**DESCRIPTION OF THE TASK**
After locating the line containing "Seuraavana oli vuorossa" in the entries below, please write out that line and the rest through the end exactly. Omit pictures.

**SOURCE INFORMATION**
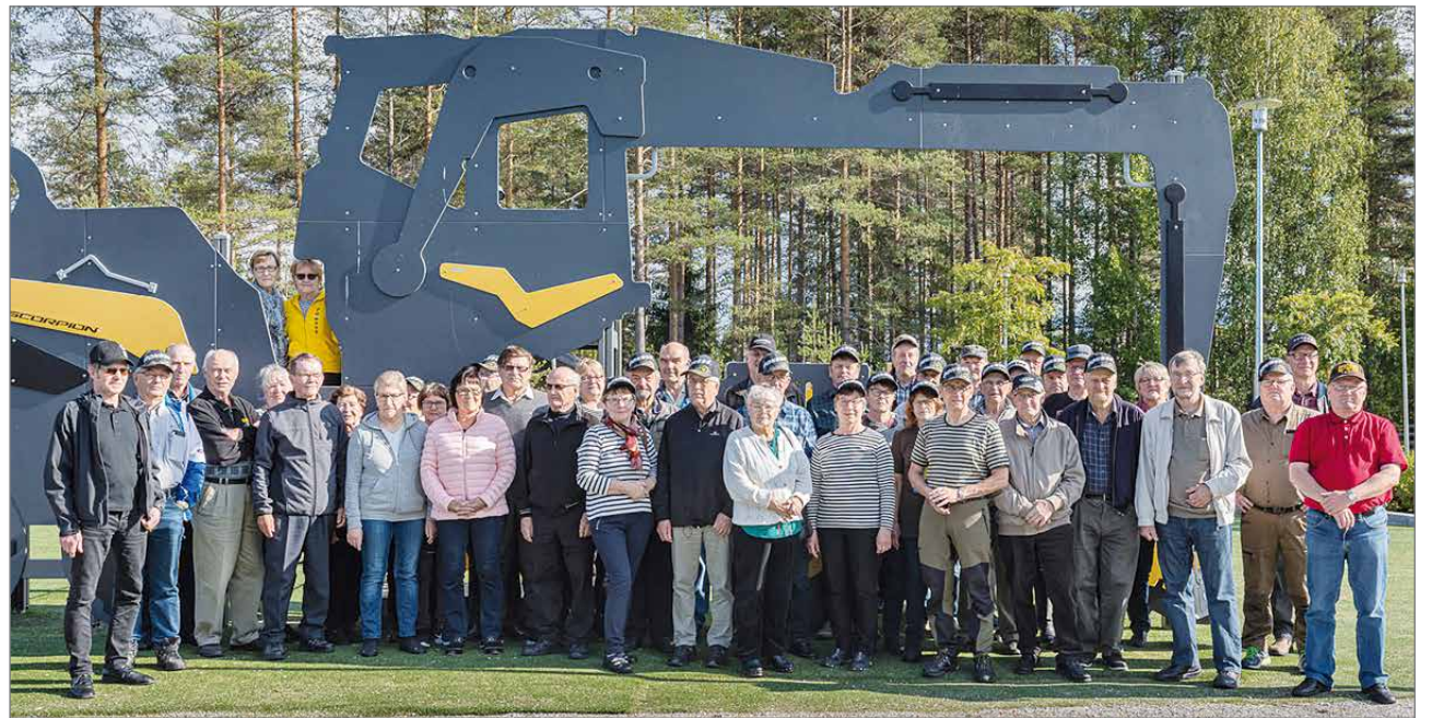
Retki Ponssen tehtaalle sai suuren suosion. Yhteiskuva otettu Einari Vidgrenin puistossa.

Seuraavana oli vuorossa tehdaskierros oppaan johdolla, jonka jälkeen joimme vielä pullakahvit ja kotimatkalte lähdettiin taas yhtä reissua
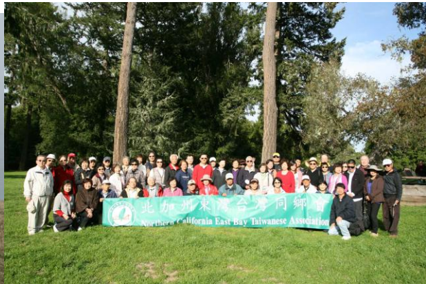
在舊金山4/18/1906發生的7.9級地震震央前合照
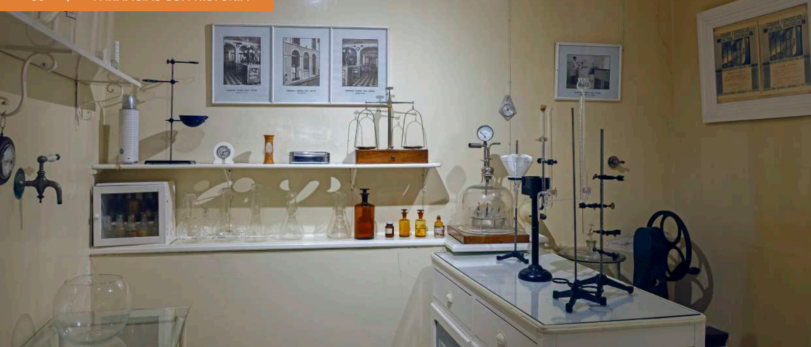
António Victor do Monte no "Laboratório de Empôlas", cuja configuração se mantém na atualidade. Todos os móveis foram feitos à medida do espaço e das funções a que se destinavam
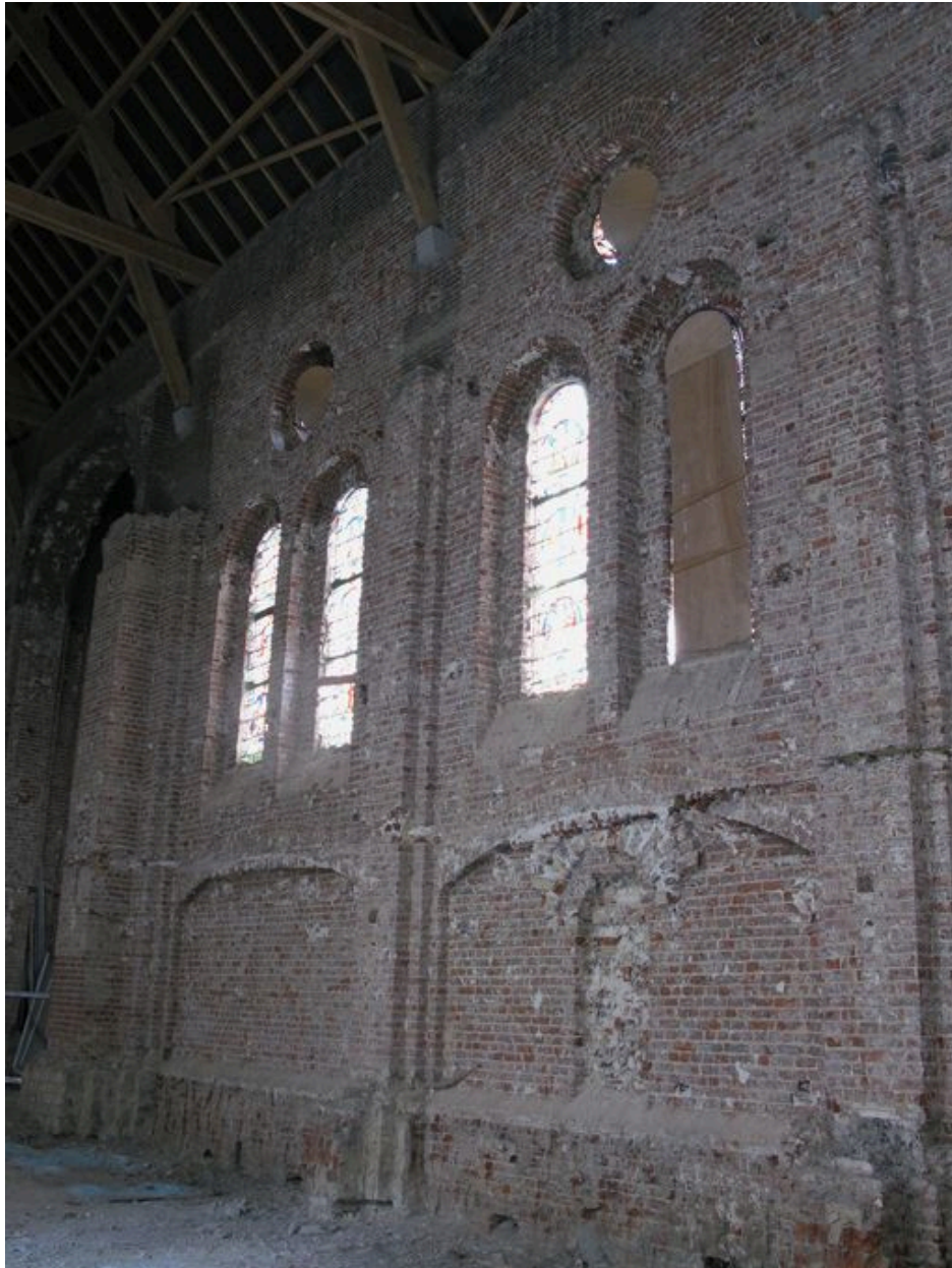
Mur sud de la nef

**EXPECTED OUTPUT**
Seuraavana oli vuorossa tehdaskierros oppaan johdolla, jonka jälkeen joimme vielä pullakahvit ja kotimatkalte lähdettiin taas yhtä reissua
在舊金山4/18/1906發生的7.9級地震震央前合照
António Victor do Monte no "Laboratório de Empôlas", cuja configuração se mantém na atualidade. Todos os móveis foram feitos à medida do espaço e das funções a que se destinavam
Mur sud de la nef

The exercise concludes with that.